## Task brief
The output should be the listing below, limited to the lines from the one with "Unlock retainers (1)" through the one with "Tribal rural women", exact and without pictures.

## Available data
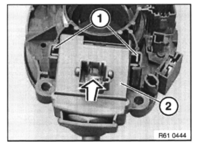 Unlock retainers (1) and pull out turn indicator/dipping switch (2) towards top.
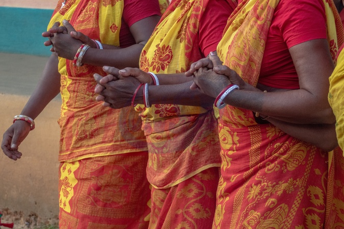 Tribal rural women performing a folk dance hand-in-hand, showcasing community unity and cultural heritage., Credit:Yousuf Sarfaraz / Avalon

--

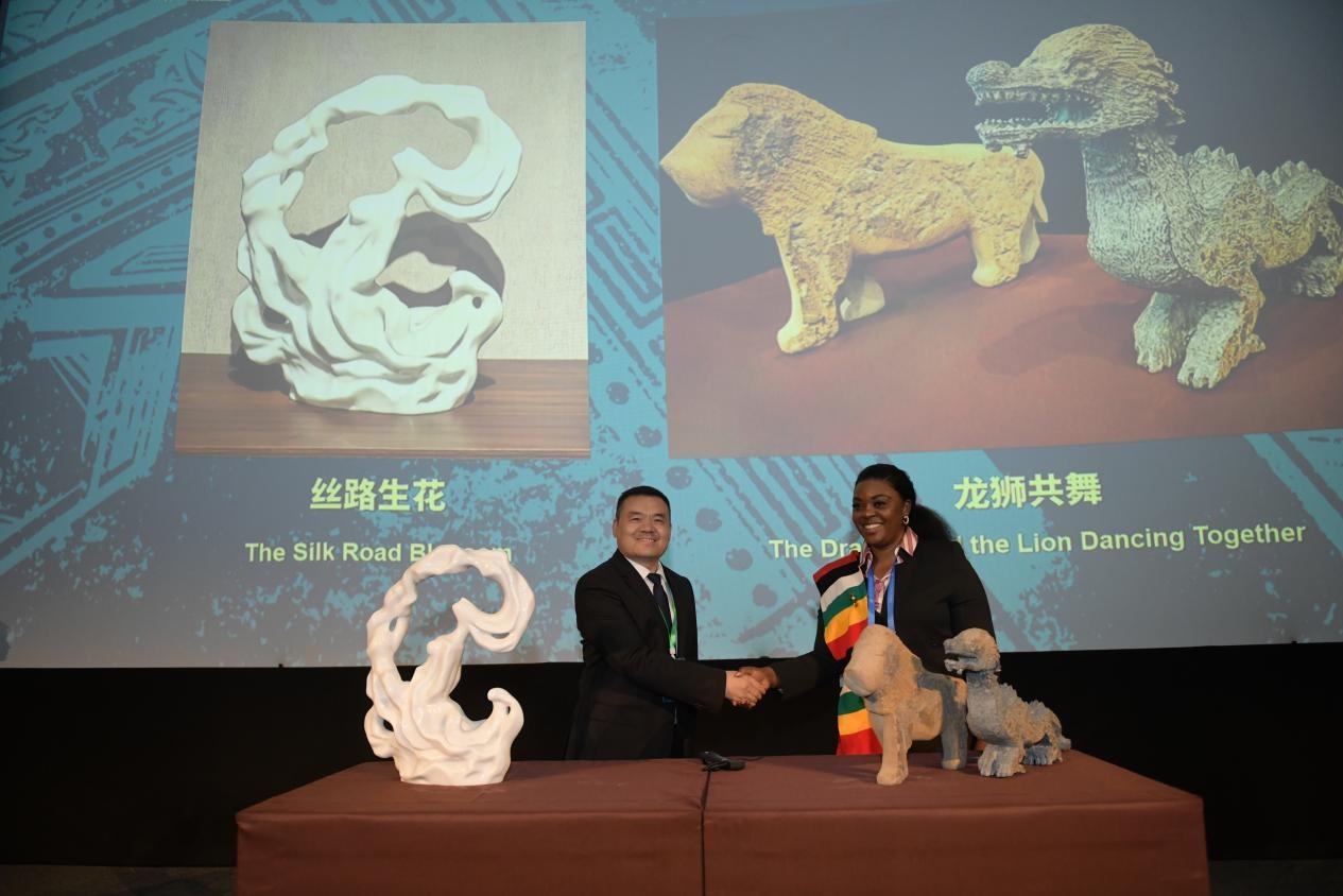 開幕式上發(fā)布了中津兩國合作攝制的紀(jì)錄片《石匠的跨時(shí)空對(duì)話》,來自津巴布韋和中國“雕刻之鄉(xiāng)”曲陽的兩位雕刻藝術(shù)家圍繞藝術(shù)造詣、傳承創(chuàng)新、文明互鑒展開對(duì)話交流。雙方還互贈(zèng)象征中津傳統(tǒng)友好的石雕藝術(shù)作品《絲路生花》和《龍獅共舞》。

==

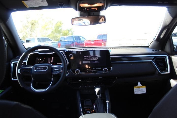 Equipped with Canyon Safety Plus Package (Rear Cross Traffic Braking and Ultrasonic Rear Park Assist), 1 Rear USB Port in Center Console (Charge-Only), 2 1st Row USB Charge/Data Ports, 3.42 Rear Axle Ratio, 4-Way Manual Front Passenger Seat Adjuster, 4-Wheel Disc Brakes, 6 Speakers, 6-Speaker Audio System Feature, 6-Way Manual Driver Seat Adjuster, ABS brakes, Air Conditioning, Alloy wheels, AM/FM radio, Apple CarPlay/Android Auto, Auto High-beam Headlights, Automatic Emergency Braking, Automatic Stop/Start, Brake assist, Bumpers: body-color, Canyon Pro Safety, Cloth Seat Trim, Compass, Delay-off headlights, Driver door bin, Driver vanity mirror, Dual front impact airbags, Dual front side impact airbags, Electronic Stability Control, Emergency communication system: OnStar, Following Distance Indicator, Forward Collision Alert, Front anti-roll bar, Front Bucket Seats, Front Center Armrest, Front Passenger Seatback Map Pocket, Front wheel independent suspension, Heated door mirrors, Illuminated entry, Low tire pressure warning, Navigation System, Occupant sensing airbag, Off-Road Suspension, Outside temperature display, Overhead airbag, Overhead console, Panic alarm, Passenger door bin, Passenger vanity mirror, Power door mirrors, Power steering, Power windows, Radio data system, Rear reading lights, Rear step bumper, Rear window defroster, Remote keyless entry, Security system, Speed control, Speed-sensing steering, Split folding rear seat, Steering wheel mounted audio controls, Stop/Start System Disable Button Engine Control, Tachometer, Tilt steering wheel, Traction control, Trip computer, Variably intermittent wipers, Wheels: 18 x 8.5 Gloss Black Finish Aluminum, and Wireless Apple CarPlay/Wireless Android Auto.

## Response to the task
 Unlock retainers (1) and pull out turn indicator/dipping switch (2) towards top.
 Tribal rural women performing a folk dance hand-in-hand, showcasing community unity and cultural heritage., Credit:Yousuf Sarfaraz / Avalon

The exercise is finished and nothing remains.